A good piece on the ‘July Effect’, so-called for the arrival of new doctors in teaching hospitals and their lack of experience. The article notes that doctors are only human and suffer from the same biases as we all do:
Anchoring bias, which causes doctors to lock onto a diagnosis early and disregard new and conflicting information. For example, a patient may be diagnosed with a quickly fatal cancer, but then ends up trying various (ineffective) herbal remedies and lives for 30 more years. Instead of considering whether the initial diagnosis was incorrect, the patient — and maybe even the doctor — may falsely assume that the herbal remedies cured the cancer.
Availability bias, when clinicians tend to think that the patient they are treating today has the same condition as the patient they treated last week. Imagine your doctor saw a rare, life-threatening illness last week that presented with a common symptom, such as belly pain. Today, you’re in the doctor’s office for belly pain, and your doctor may be unjustifiably concerned that you too have that rare life-threatening disease just because she’s still thinking about it.
Confirmation bias, which causes doctors to believe evidence when it supports their pre-conceived opinion, while ignoring evidence that contradicts it. For example, let’s say your doctor is pretty certain that you have an infection, and orders a test to confirm the suspicion. The test is negative for infection, but she treats you for it anyway because she doesn’t believe the test results; meanwhile, she disregards clues that point to another, correct diagnosis.
Commission bias, when doctors err on the side of doing something — like ordering a prostate biopsy — as opposed to watchful waiting because it seems that doing something is better than a doing nothing.

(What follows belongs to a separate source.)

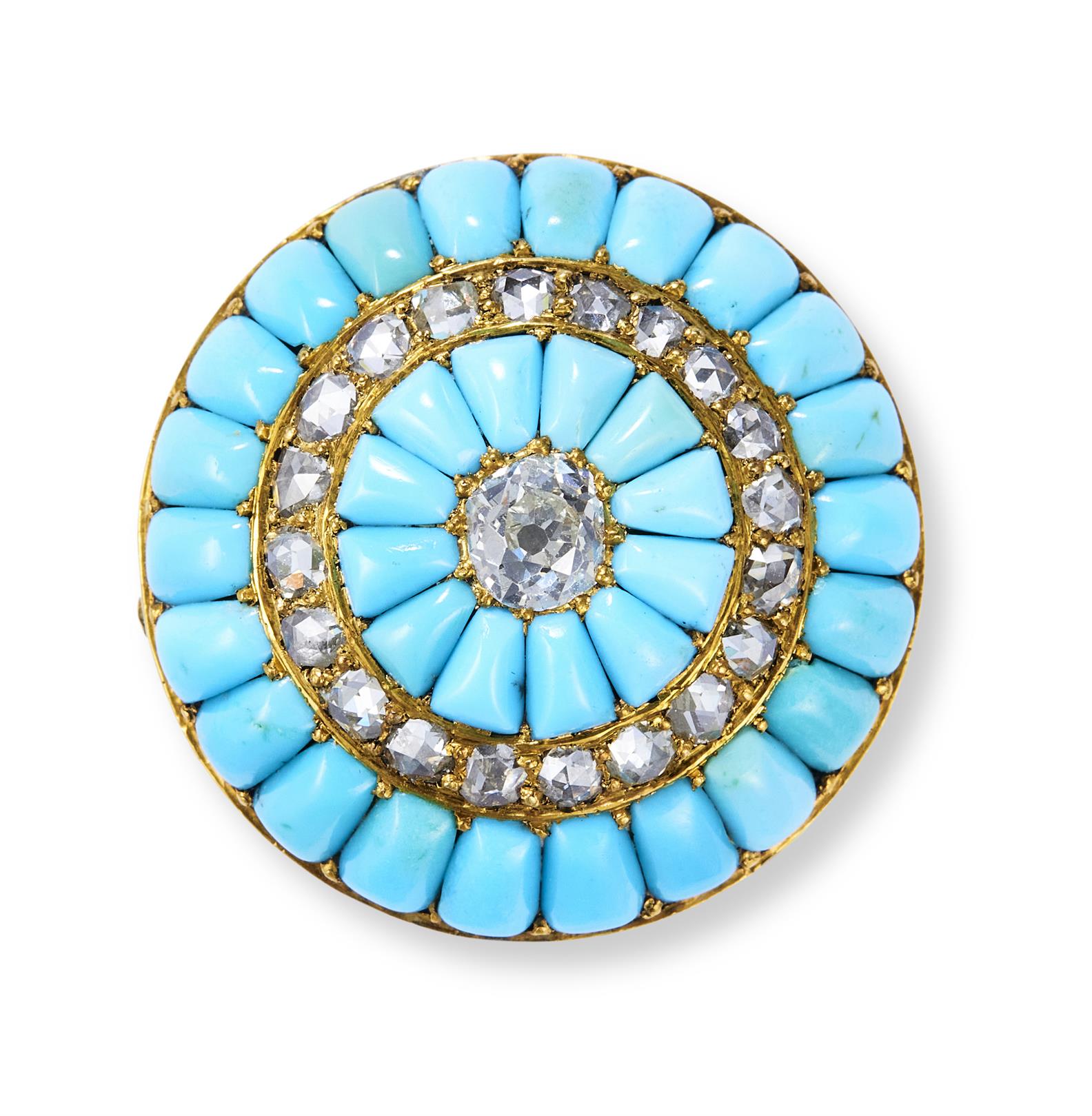 Of target design, claw-set to the centre with an old mine-cut diamond framed by a double row of turquoise between a line of rose-cut diamonds to a fluted half-hoop, the diamonds together weighing approximately 0.60 carats, mounted in 15ct gold, size J.
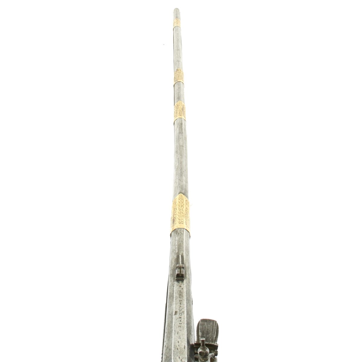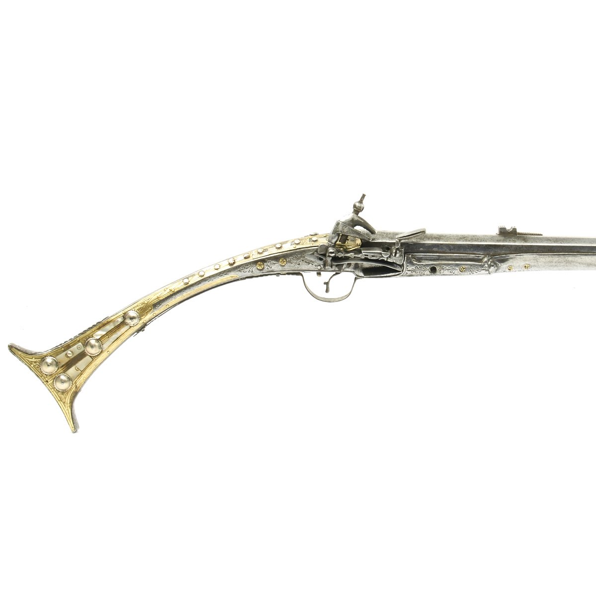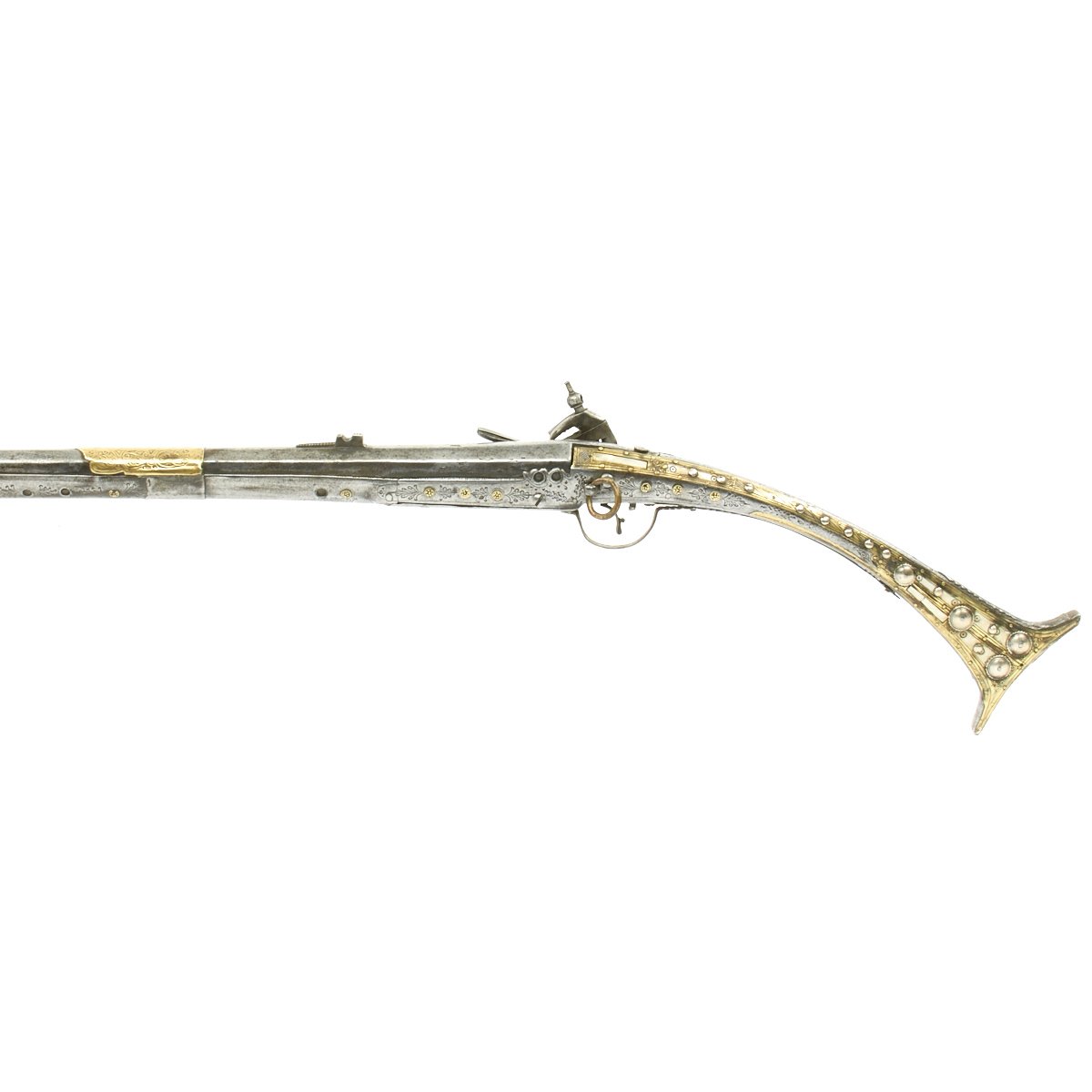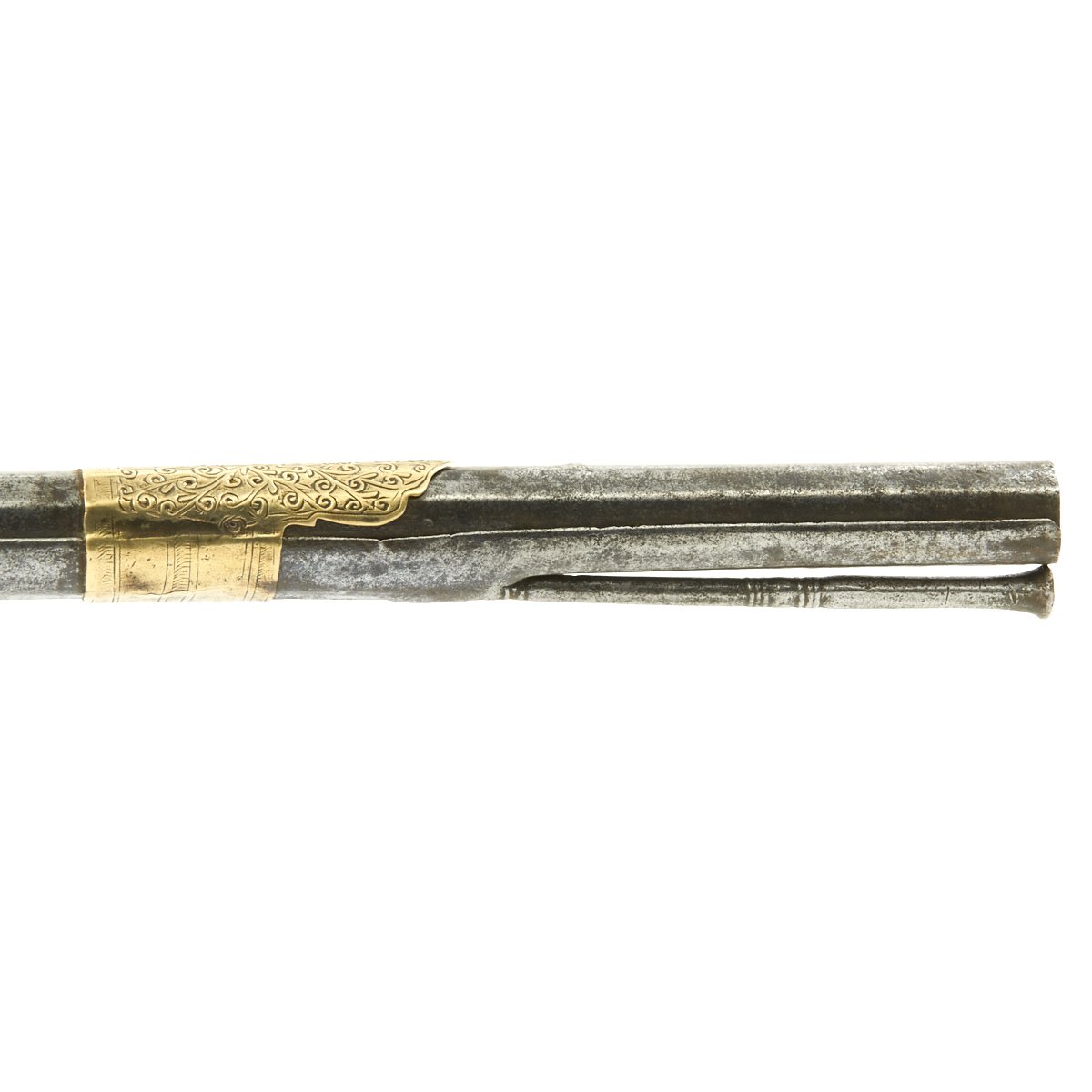 Measuring 66" in overall length, the barrel alone is 52" long. Complete with its original all steel ramrod this really is a truly excellent example of this very unusual weapon that plagued European travelers who ventured into that region of the Ottoman Empire.

Usefully, the article notes that for procedures requiring a high degree of technical skill (e.g., open-heart surgery, obstetrics, trauma care), practice indeed makes ‘perfect’, but in other situations, medical evidence trumps experience (e.g., cancer diagnosis and care, managing chronic conditions). Quote:
So what can you do as a patient to receive the best care? Well, maybe nothing if you get admitted on an emergent basis to a teaching hospital during July. But one thing you should always do is ask a lot of questions. It may not always be possible to determine that your doctor has fallen victim to an unconscious thinking trap or that she’s practicing outdated medicine. But asking questions does force your doctor to think and justify decisions about your care.
Secondly, become an informed patient: try to learn as much as you can about your medical issues and what trusted sources recommend as the “right” approach. Even 15 years ago, it was rare for a patient to crack open a medical textbook to question a treatment decision. Now, online resources such asMedlinePlus, provide both up-to-date and easy-to-understand explanations of complex medical care. A good summary of evidence-based medicine can also be found at the Agency for Healthcare Research and Quality’s website.